Posted to The Age (9/5/2011) on 9/5/2011 at 4:37 PM
Commenting on “Why June is too soon for an RBA rate rise”
http://www.theage.com.au/business/why-june-is-too-soon-for-an-rba-rate-rise-20110509-1eez3.html?
Predictions by Glenn Stevens and his team at RBA are far from satisfactory. Either the economic models used or the way the results produced by the models have been interpreted need to undergo vigorous challenge.
The trilogy of negative demand, as I called it, is a signal for heading towards a recession. This may sound farfetched, naïve and ill-founded, but a rationalist will see the wisdom of this doomsday prediction. The trilogy of negative demands is real properties, cars and household goods including fashions. These three categories of items are in descending sequence in terms of average value. In recent months, we witness the trilogy of negative demands are taking place.
I have written in many blogs and newspaper comments about my predictions, a lot more accurate than what RBA has been predicting. Using dollar value as the key element in prediction is inadequate. The total quantity demand must be taken into consideration for normalisation.

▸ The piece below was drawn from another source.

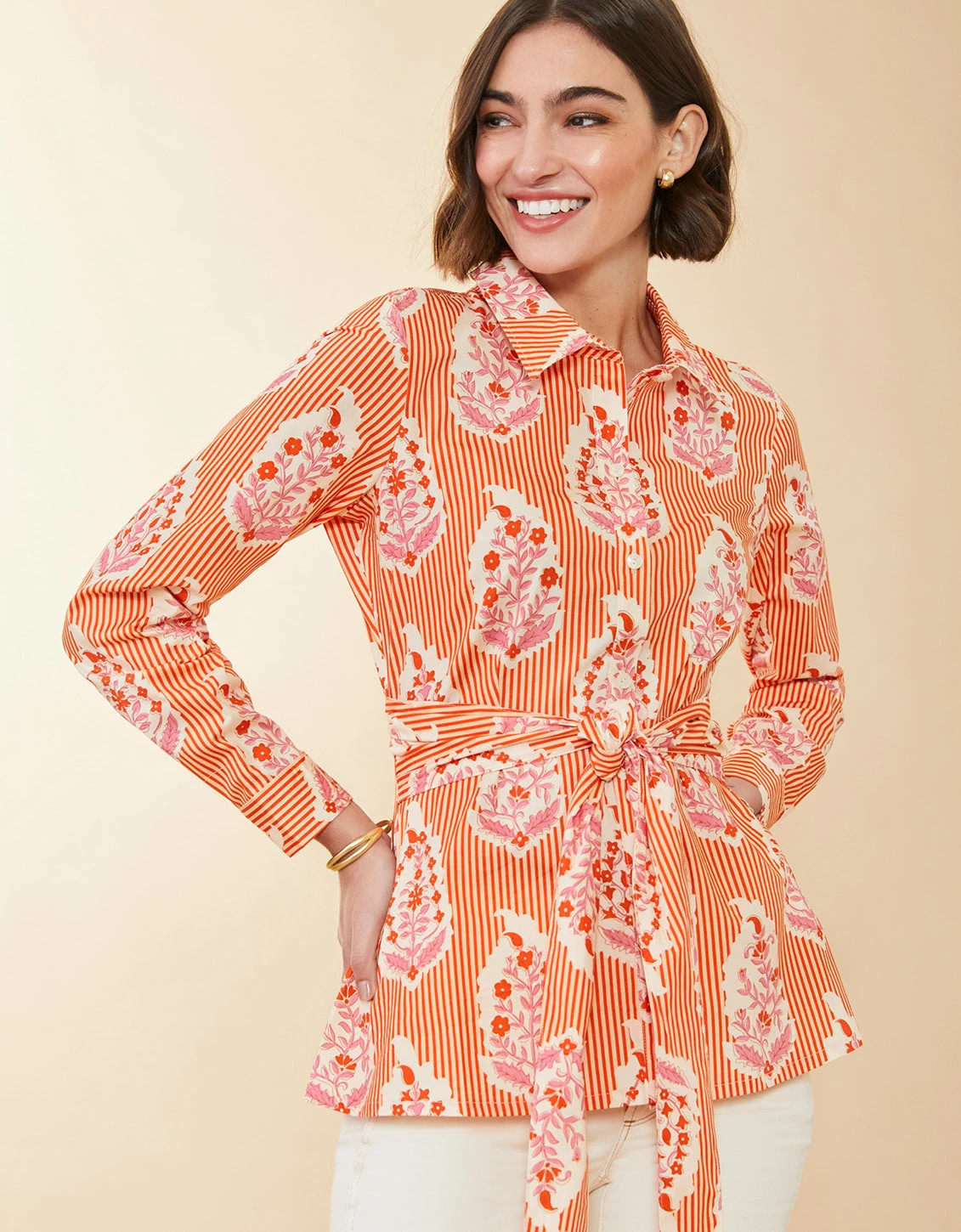 Our best-selling dress is now in a blouse! You’ll never have to sacrifice style for comfort in our soft but structured stretch cotton Marianne Blouse. This long sleeve blouse will be your new wardrobe favorite with faux pearl summarys, a collared neckline, and a tie waist belt.

CPI increase, unfortunately, always targets at increase in price which can be due to real reason and artificial manipulation. If quantity demand is increased, causing shortage of supply and thus pushing up the price, then there is room to call for increase in interest rate to dampen the demand. However, it is irrational to increase interest rate because electricity charges, water rates, local petrol prices have gone up, and that the quantity demand of these utilities or items is in fact unchanged or decreased. In short, the total dollar increases bear no relation to the demand curves.